Gersberg sees Blue Gold as an opportunity for SDSU and the San Diego region at large to do globally important work.
“My vision is that San Diego will become a world-recognized hub for water research,” he said.
A world away
On the other side of the world, SDSU environmental engineering professor Natalie Mladenov and a handful of students are experimenting with lower-tech solutions for water reuse. Mladenov leads a National Science Foundation–funded program that gives students an international perspective on water treatment through first-hand work in the impoverished outskirts of Durban, South Africa.
“South Africa’s urban centers are first-world, but its surrounding areas are very poor and there’s a major lack of sanitation infrastructure,” said Mladenov, who is also a core faculty member of SDSU’s Blue Gold initiative.
This past summer, she led the program’s first cohort of students—two undergrads and a grad student from SDSU, plus one professor and two undergrads from California State Polytechnic University, Pomona—as they teamed up with scientists from the University of KwaZulu-Natal to explore the potential of implementing a simple and cheap water treatment system to improve community life. The goal isn’t to produce potable water, but to purify it enough to make it safe to reintroduce to constructed wetlands, where natural environmental processes eventually render it usable for agriculture.

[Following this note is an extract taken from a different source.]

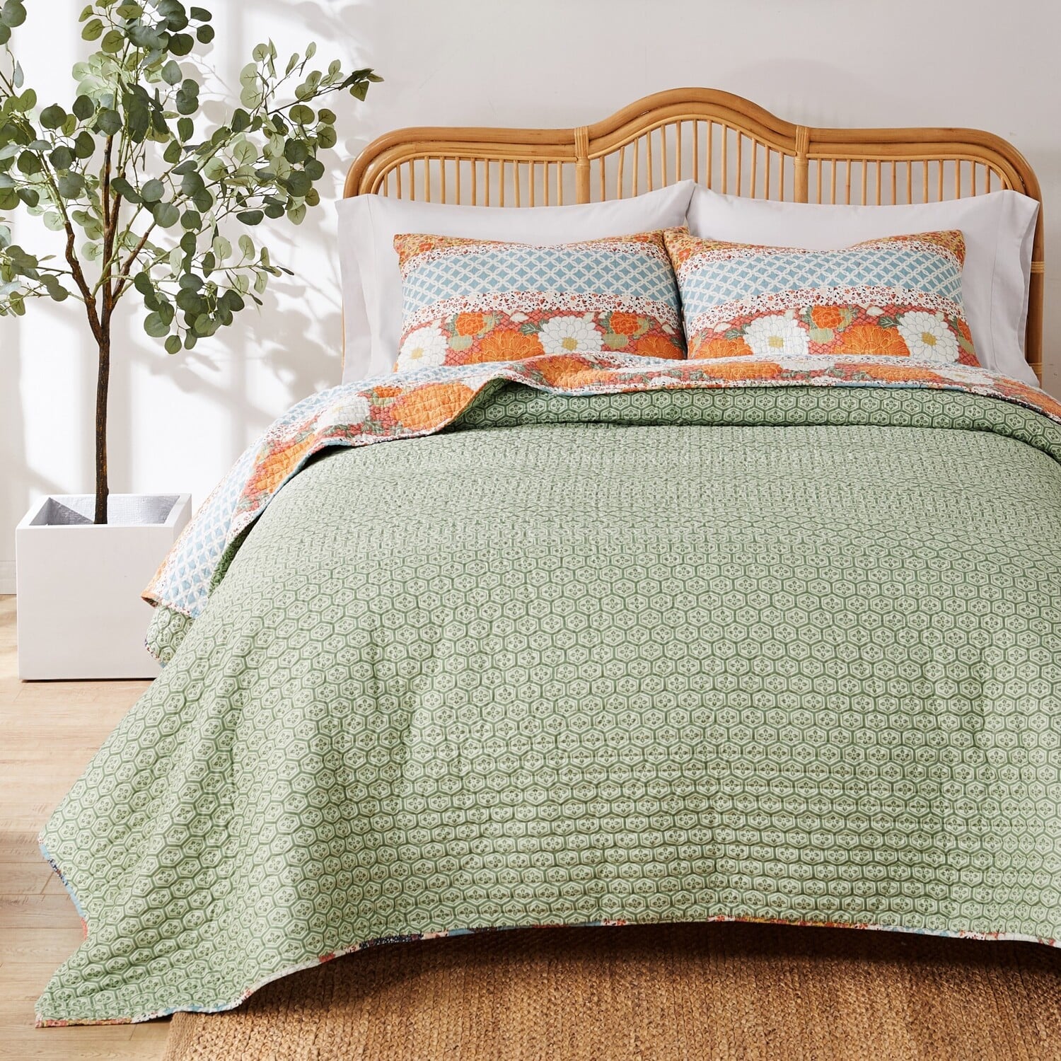 Brighten your bedroom with the fresh, updated colors of this striped print bedding by Barefoot Bungalow. An eclectic blend of dreamy calico patterns in gold, blue, orange and green creates a cheerful mood. This enchanting quilt set features bright florals and whimsical songbirds, and reverses to an all over coordinating geometric print in green. Vermicelli quilting throughout adds texture and surface interest. Reversible pillow sham(s) complete the look. Oversized for better coverage on today’s deeper mattresses. Prewashed with extra softener for a silky feel and preshrunk for size resilience with fabric bound edges. Quilt set comes with quilt and two pillow shams (one sham per Twin set). Dimensions: Twin set comes with 68x88-inch quilted coverlet, plus one 20x26-inch quilted pillow sham. Full/Queen set comes with one 90x90-inch quilted coverlet, plus two 20x26-inch quilted pillow shams. King set comes with one 105x95-inch quilted coverlet, plus two 20x36-inch quilted pillow shams. All dimensions +/- 2”. 100% Cotton face; 100% microfiber polyester back; Cotton-rich fill is 60% cotton/40% polyester. Machine Wash. Imported.Quilt SetWHAT'S INCLUDED: Each set comes with quilt plus two pillow shams (one sham with twin set)DIMENSIONS: Twin/XL set includes one 68x88-inch quilt plus one 20x26-inch pillow sham, Full/Queen set includes one 90x90-inch quilt plus two 20x26-inch pillow shams, King/Cal King set includes one 105x95-inch quilt plus two 20x36-inch pillow shams (all diSAFETY TESTED and certified by OEKO-TEX® Standard 100: WSI Certificate # 20.HCN.11993. Tested to be free of 350+ harmful chemicals and substances – keeping you and your loved ones safe from these threats with our products.NATURAL COMFORT: 100% cotton fabrics are prized for their natural comfort. Cotton is a breathable and soft material that provides a cozy and inviting sleep environment.Machine washable.

In a tiny community outside Durban, the team has built what’s known as a gravity-driven, multi-chamber anaerobic baffled reactor. In a large underground container, wastewater enters from the top, then flows through a series of chambers separated by seven gradually lowering walls. As each chamber fills up, the water breaches the walls and spills over into the next chamber. The solids and waste settle into the bottoms of the chambers and the water gets progressively purer as it passes through the system. All the while, bacteria break down the organic matter in the waste, further purifying it.
“By the time it gets over the seventh wall, it’s pretty clean,” Mladenov said.
Cost effective
It requires no energy input once the system is built, so it’s incredibly cost effective. And as an added bonus, the methane produced in the reactor can one day be used for energy generation for the community.

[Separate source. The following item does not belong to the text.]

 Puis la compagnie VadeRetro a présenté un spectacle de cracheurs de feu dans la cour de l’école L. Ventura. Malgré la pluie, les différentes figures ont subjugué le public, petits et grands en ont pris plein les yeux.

As part of an experiment, Mladenov and the students are sampling the waste at different points as it passes through the system to see how the organic matter breaks down over time and under different conditions.
By learning more about this, they hope to be able to improve upon the reactor’s design and find ways to optimize the purity of the output. And it’s not just the residents of South Africa who can benefit from this approach. Mladenov believes there’s a place for this kind of technology closer to home, as well.
“The technology may not be that innovative, but the community-focused approach is,” she said. “In the United States, at a community scale, something like this could be implemented as a decentralized system that produces water for watering lawns, flushing toilets, sustaining community gardens, and other uses.”
Climate change will likely make severe droughts more frequent and persistent in our region, so it’s important to explore everything we can do to get the most out of every drop.
“How well regions deal with climate change will be the difference between regions that will thrive and those that will wither,” Razak said.